In this tutorial we shall discuss another very important formula of limits, $\mathop {\lim }\limits_{x \to 0} \frac{{{a^x} – 1}}{x} = \ln a$

Let us consider the relation
$\mathop {\lim }\limits_{x \to 0} \frac{{{a^x} – 1}}{x}$

Let $y = {a^x} – 1$, then $1 + y = {a^x}$, we have

Consider the relation
$1 + y = {a^x}$

Using the logarithm on both sides, we have
$\begin{gathered} \ln \left( {1 + y} \right) = \ln {a^x} \\ \Rightarrow \ln \left( {1 + y} \right) = x\ln a \\ \Rightarrow x = \frac{{\ln \left( {1 + y} \right)}}{{\ln a}} \\ \end{gathered}$

Also $\mathop {\lim }\limits_{x \to 0} y = \mathop {\lim }\limits_{x \to 0} \left( {{a^x} – 1} \right) = {a^0} – 1 = 1 – 1 = 0$.
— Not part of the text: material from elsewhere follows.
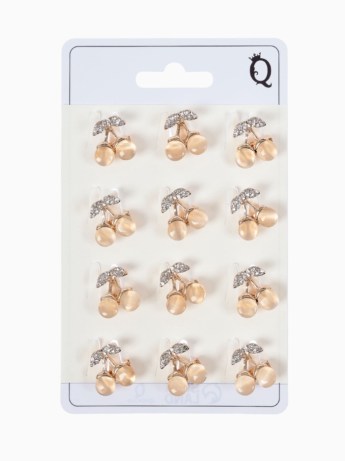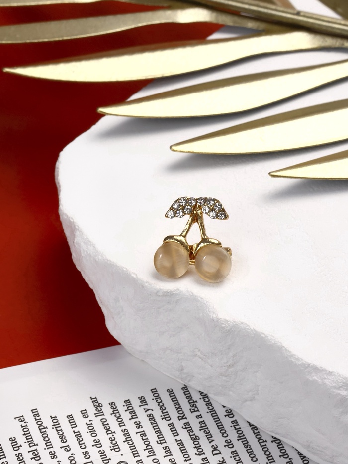 Брошь «Вишенки» наливные, цвет белый в жёлтом золоте (неделимая фасовка 12 шт., цена за шт.) — Характеристики

This shows that $y \to 0$ as $x \to 0$. Therefore, the given limit can be written as
$\begin{gathered} \mathop {\lim }\limits_{x \to 0} \frac{{{a^x} – 1}}{x} = \mathop {\lim }\limits_{y \to 0} \frac{y}{{\frac{{\ln \left( {1 + y} \right)}}{{\ln a}}}} \\ \Rightarrow \mathop {\lim }\limits_{x \to 0} \frac{{{a^x} – 1}}{x} = \mathop {\lim }\limits_{y \to 0} \frac{{\ln a}}{{\frac{1}{y}\ln \left( {1 + y} \right)}} \\ \Rightarrow \mathop {\lim }\limits_{x \to 0} \frac{{{a^x} – 1}}{x} = \mathop {\lim }\limits_{y \to 0} \frac{{\ln a}}{{\ln {{\left( {1 + y} \right)}^{\frac{1}{y}}}}} \\ \Rightarrow \mathop {\lim }\limits_{x \to 0} \frac{{{a^x} – 1}}{x} = \frac{{\ln a}}{{\mathop {\lim }\limits_{y \to 0} \ln {{\left( {1 + y} \right)}^{\frac{1}{y}}}}} \\ \Rightarrow \mathop {\lim }\limits_{x \to 0} \frac{{{a^x} – 1}}{x} = \frac{{\ln a}}{{\ln \left[ {\mathop {\lim }\limits_{y \to 0} {{\left( {1 + y} \right)}^{\frac{1}{y}}}} \right]}} \\ \end{gathered}$

Using the relation $\mathop {\lim }\limits_{x \to 0} {\left( {1 + x} \right)^{\frac{1}{x}}} = e$, we have
$\Rightarrow \mathop {\lim }\limits_{x \to 0} \frac{{{a^x} – 1}}{x} = \frac{{\ln a}}{{\ln e}}$

But $\ln e = 1$, we have
$\Rightarrow \mathop {\lim }\limits_{x \to 0} \frac{{{a^x} – 1}}{x} = \frac{{\ln a}}{1} = \ln a$